もう一つは、種々の民族文化をあるがままに、それぞれ尊敬する。これこそ、どんな外国を訪問した場合でも通用する「普遍的な行動規範」になる。人間は違った文化の人々を軽蔑したくなる。とくに貧しい民族の場合は。この原理で外国生活がどんなに気楽になったことか。
(2)敗戦国の「恥の文化」を軽蔑したり、おとしめていない。
戦後すぐの日本人がこの本を絶賛したのは「菊と刀」が決して「恥の文化」を劣っていると評価していなかったからある。敗戦で自信をなくしていた日本人が、大きな勇気を貰った書であった。そのお陰で気を取り直して、戦後の復興に努力した人々も多かったに違いない。

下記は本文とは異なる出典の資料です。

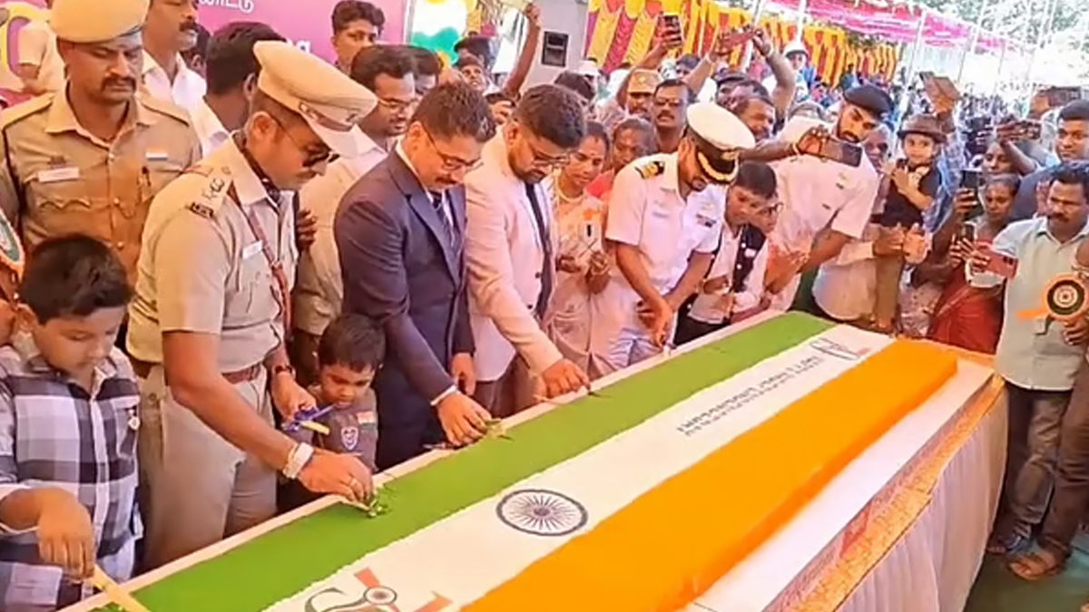 ஆனால், விழா முடிந்ததும் நடந்த ஒரு நிகழ்ச்சி சர்ச்சையை கிளப்பியுள்ளது. மாவட்ட ஆட்சியர் சிம்ரன்ஜீத் சிங் காலோன் மற்றும் காவல் கண்காணிப்பாளர் சந்தீஷ், 16 அடி நீளம், 3.25 அடி அகலம், 79 கிலோ எடையுடைய தேசியக் கொடி வடிவிலான கேக்கை இணைந்து வெட்டி, பொதுமக்களுக்கும் அதிகாரிகளுக்கும் வழங்கினர்.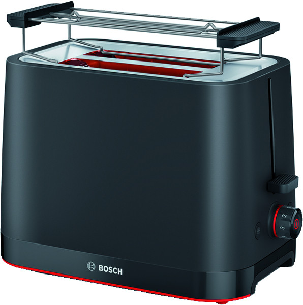 elektronisch gesteuerte Röstgradkonstante mit variabler Bräunungsregelung, Auftau- und Aufwärmfunktion mit jeweils separater, beleuchteter Taste, abnehmbarer und faltbarer Brötchen-Aufsatz für größere Brötchen, beleuchtete Stopp Taste, Brotheber mit High-Lift, herausnehmbare Krümelschublade, Sicherheitsabschaltung bei Klemmen des Toastes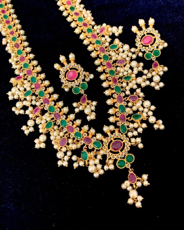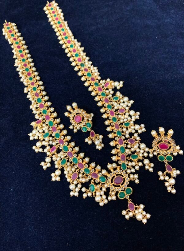 2 in 1 haram and vaddanam uncut stone long necklace waist chain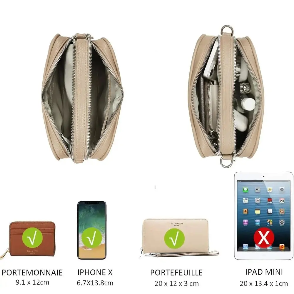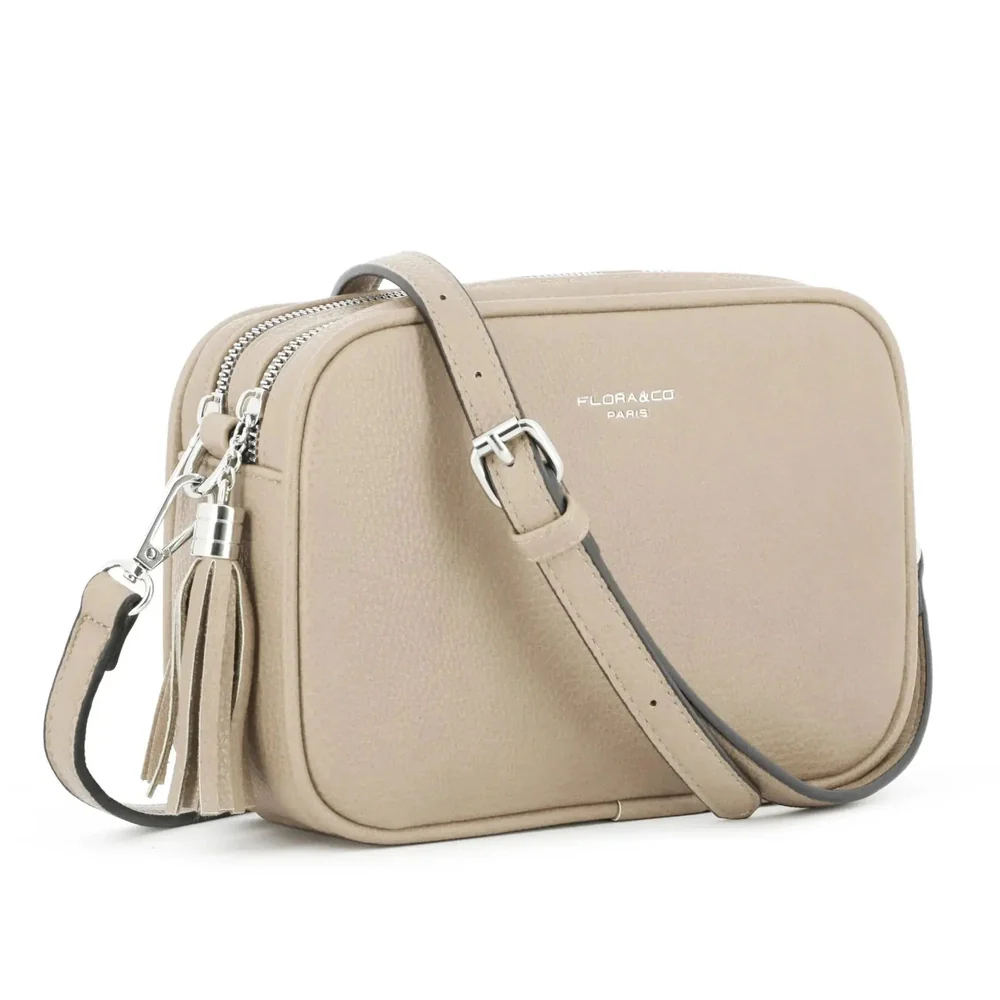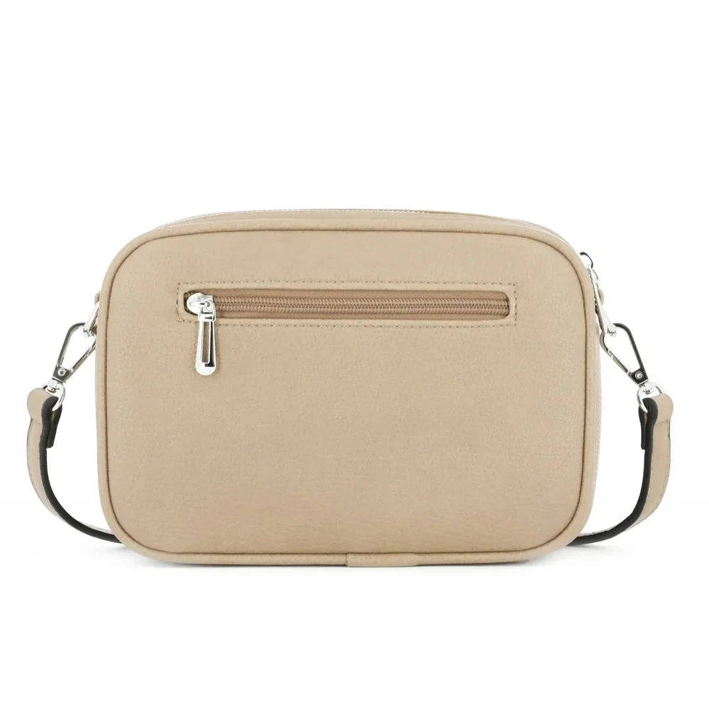 sac bandoulière rectangle en similicuir grainé, design moderne avec boucle argentée et double fermeture éclair. Dimensions : 22x16x8 cm. 2 compartiments, 1 poche zippée au dos, bandoulière ajustable.

少なくとも自分は、日本人は決して劣っていない!と思うようになった。この思いは40年後の現在も変わっていない。
この本を現在、若い日本人が読めばこような評価は出来なかったと思う。この視点や、色々な性質の異なる感動もあることを若い人々へお伝えいしたくて拙文をお送りする次第です。(終わり)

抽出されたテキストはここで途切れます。